Jill had sliced up two hot dogs but they were still partly frozen, and the little pink pork cylinders, because of the candle she had used to roast them, tasted somewhat like pine. “We can get to your roof from your attic,” she said. “Right?”

I said that my mother didn’t want us up there.

CeeCee had found a package of marshmallows in the cabinet. She pointed to my copy of
The Awakening
on the kitchen table. “Should we bring this with us?”

We blew out the candle and left the hot dogs on the counter. I grabbed the flashlight and a beach towel that we could sit on. Then I led the way up the attic stairs and stepped through the window above my mother’s bedroom and climbed onto the roof.

“This town looks better in the dark,” Jill said. “It’s almost pretty.”

“I’ve heard people say that about you,” CeeCee said.

Standing side by side, we could see exactly where the blackout had hit, because the lights south of West New Hope were just being turned on. Though our whole town was dark, we could pick out the landmarks: the rectangular roofs of the other houses, the meandering shape of the creek, the elementary school, the Towne Centre, and the beginning of the road that led to the park, and beyond it, to Wallis’s. I felt as if I were looking at an architect’s model:
I almost expected to see a tiny version of myself, living within the grid we were looking down on.

CeeCee tore the bag of marshmallows open. “I don’t see any meteors, Wallis.”

Wallis said we had to wait until it got darker.

I spread out the towel so we could sit down.

“Hey, Adrienne: this is a good place for your epiphany,” Jill said.

“Yeah,” I agreed. But I couldn’t remember what my epiphany was. It had probably trickled out the bottom of my brain like a hair down a sink. Still, I thought I remembered that it had involved wanting the book club and the books we had read to have some kind of meaning. “School starts three weeks from now,” I said.

“That’s a lousy epiphany.” CeeCee clicked the flashlight on and then off. “Do people still use Morse code?” she asked. “Did we learn it in Girl Scouts?”

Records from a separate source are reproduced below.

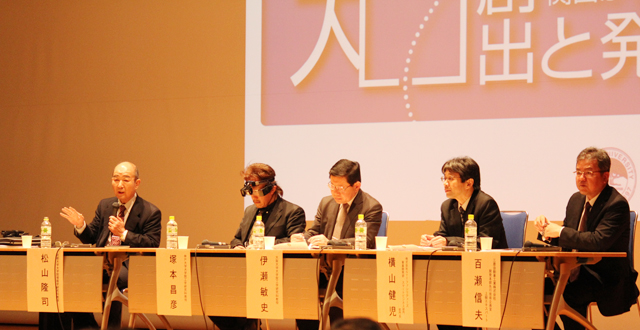 ![]() 総合討論の様子(左から司会の松山教授、神戸大学 塚本教授、大阪大学 伊瀬教授、NTTファシリティーズ 横山氏、三菱自動車 百瀬氏) | |
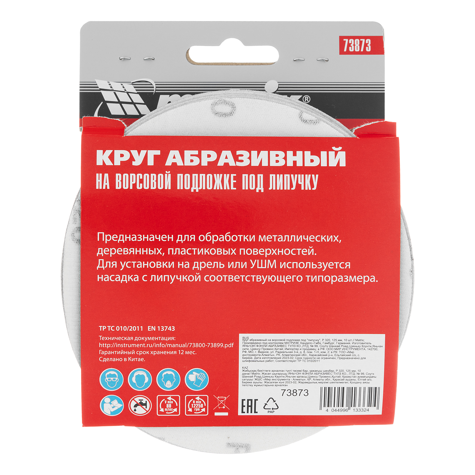 Круг абразивный на ворсовой подложке под "липучку", P 320, 125 мм, 10 шт Matrix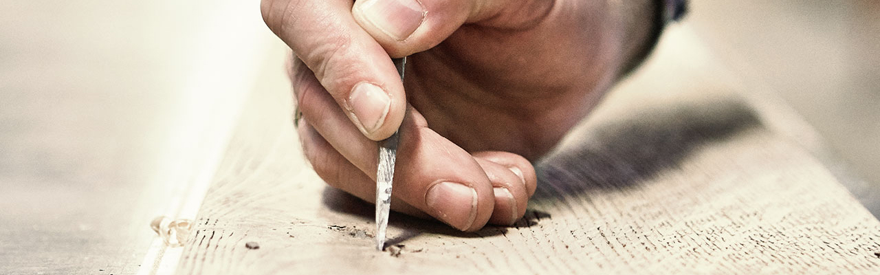 Die einzelnen Dielen der Unique Collection von Ter Hürne werden einzeln aus dem Holzrepertoire ausgesucht und für die Verarbeitung aussortiert. Dabei wird ein besonderes Augenmerk auf die charakteristischen Merkmale des Holzes gelegt. So werden explizit besonders interessante Maserungen und prägnante Akzente ausgewählt, um daraus die späteren Dielen zu fertigen. Diele für Diele wird anschließend von Hand bearbeitet.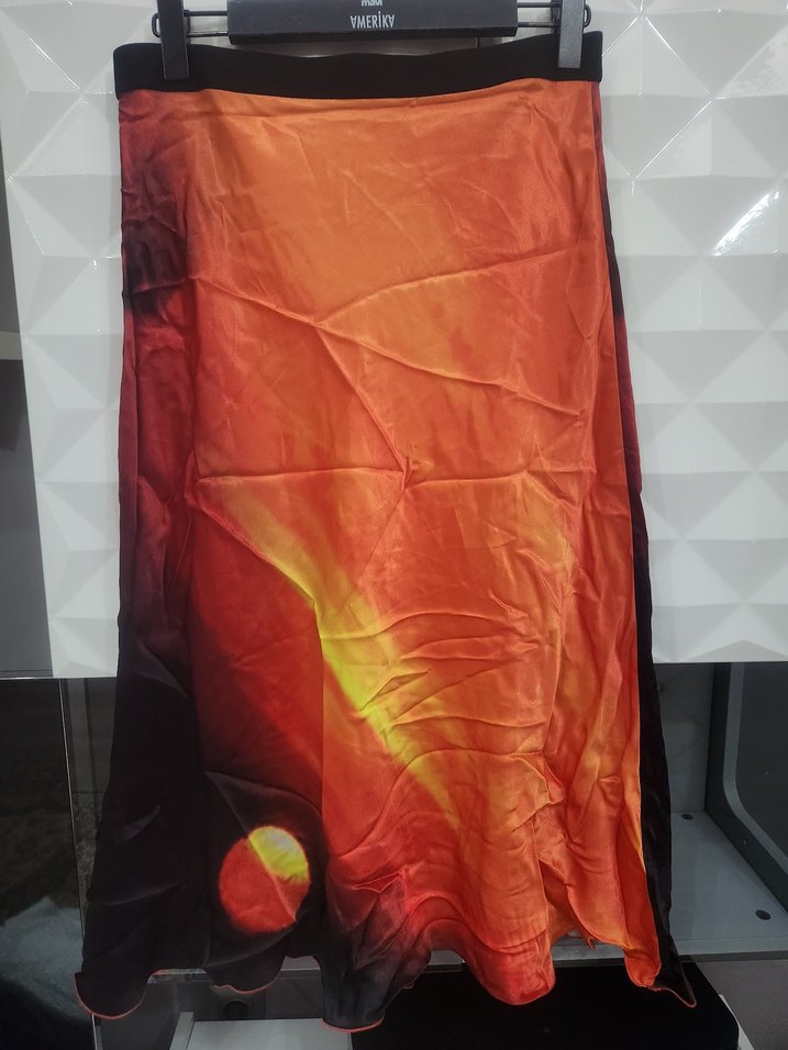 Kadınlar için turuncu tonlarda canlı bağlama desenli, satenimsi kumaştan, drapeli ve dar kesim uzun etek.

Jill reminded her that she’d been thrown out of Brownies and never made it to Girl Scouts.

“I guess I remember that,” she said. “What did they throw me out for?”

“Swearing at Angela Carriman’s mother.” Jill grabbed the marshmallows. “We were in first grade.”

Two houses away, someone dragged a plastic trash bin to the curb. Otherwise it was quiet. The stars began glittering overhead.

“We’re going to be juniors this year,” Jill said. “I used to think I’d feel old when I was a junior.” She tossed a marshmallow into her mouth. “But I feel the same.”

I felt the same, too. Maybe I would never feel older or more mature. When I tried to picture myself at forty or fifty or even eighty, all I could imagine was a gray-haired, confused-looking person sitting on a roof with her mouth full of food.

“I should go home now,” Wallis said.